Netflix Sees Spike in Subscriber Base, Profits Remain Slim
October 22, 2013
Netflix posted its third quarter earnings yesterday, announcing that it has added 1.3 million U.S. customers. The video service ended the quarter with 29.93 million paid domestic users. While Netflix’s latest figures suggest the service has surpassed HBO and Showtime in number of U.S. customers, the company’s profit margin remains low in comparison to leading premium cable networks. Regardless, stock was up nearly 10 percent following the earnings results.
CEO Reed Hastings said that Netflix delivered more than 5 billion hours of streaming video content over the last three months. In April, he announced that members had viewed more than 4 billion hours of video during the first quarter.
According to SNL Kagan, HBO currently has 28.7 million U.S. customers and Showtime has 23 million.
“Hold on to your hats, original programming lovers, that puts Netflix in the lead for the first time,” reports TechCrunch. “Of course, just as it is on the hardware front, Netflix still has a very long way to go when it comes to the total number of paying customers worldwide. In Q3, Netflix came in at about 38 million total paid subscribers for both the U.S. and foreign markets, whereas HBO boasts about 114 million subscribers.”
“Despite its steady user growth and increasingly high profile in Hollywood, helped by its push into original TV series like Emmy-winner ‘House of Cards,’ Netflix still isn’t making big profits,” reports The Wall Street Journal.
“For the fiscal third quarter, Netflix posted net income of $32 million, or 52 cents per share, up from $8 million, or 13 cents per share, a year earlier,” notes WSJ. “HBO, by contrast, generated more than $1.6 billion in profit for Time Warner last year. Netflix’s free cash flow in the quarter was $7 million.”
However, HBO can spread programming investment costs “over the 65 countries where it operates HBO-branded networks and other countries where it sells its content,” explains the article. It also benefits from being offered through cable operators — and the fact that it owns its original programming.

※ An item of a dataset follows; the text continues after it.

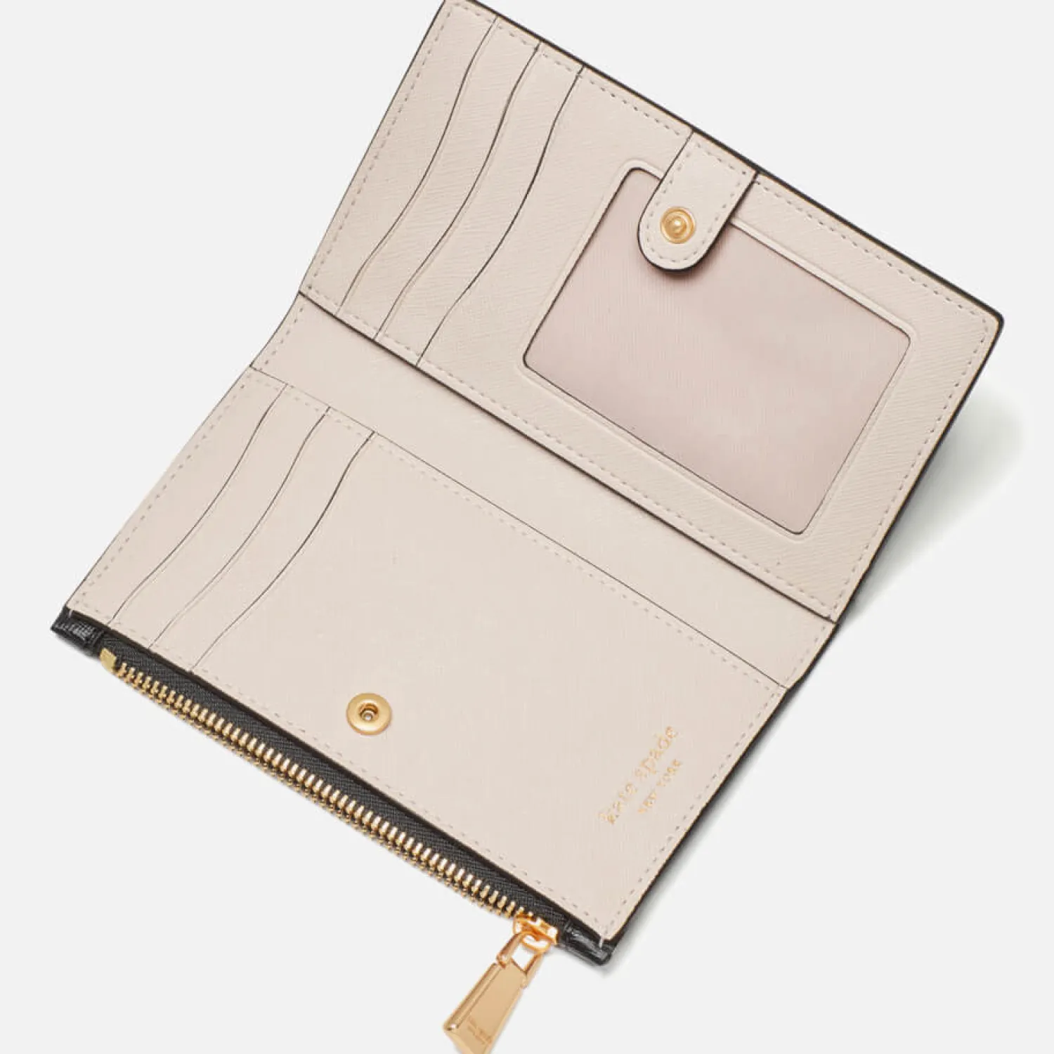 Kate Spade New York WalletBlack Saffiano LeatherGold-Tone LogoInternal Zipped Coin PocketTransparent Id SlotFive Card Sl…

“The challenge for Netflix is to keep up enough growth in $7.99-per-month subscriptions to balance out its significant investments in library programming and original TV shows,” suggests WSJ. “There are signs of momentum: Third-quarter ‘contribution profit’ in the U.S. streaming business — defined as revenue minus cost of revenue and marketing — was 23.7 percent of revenue, continuing an expansion seen in the past several quarters.”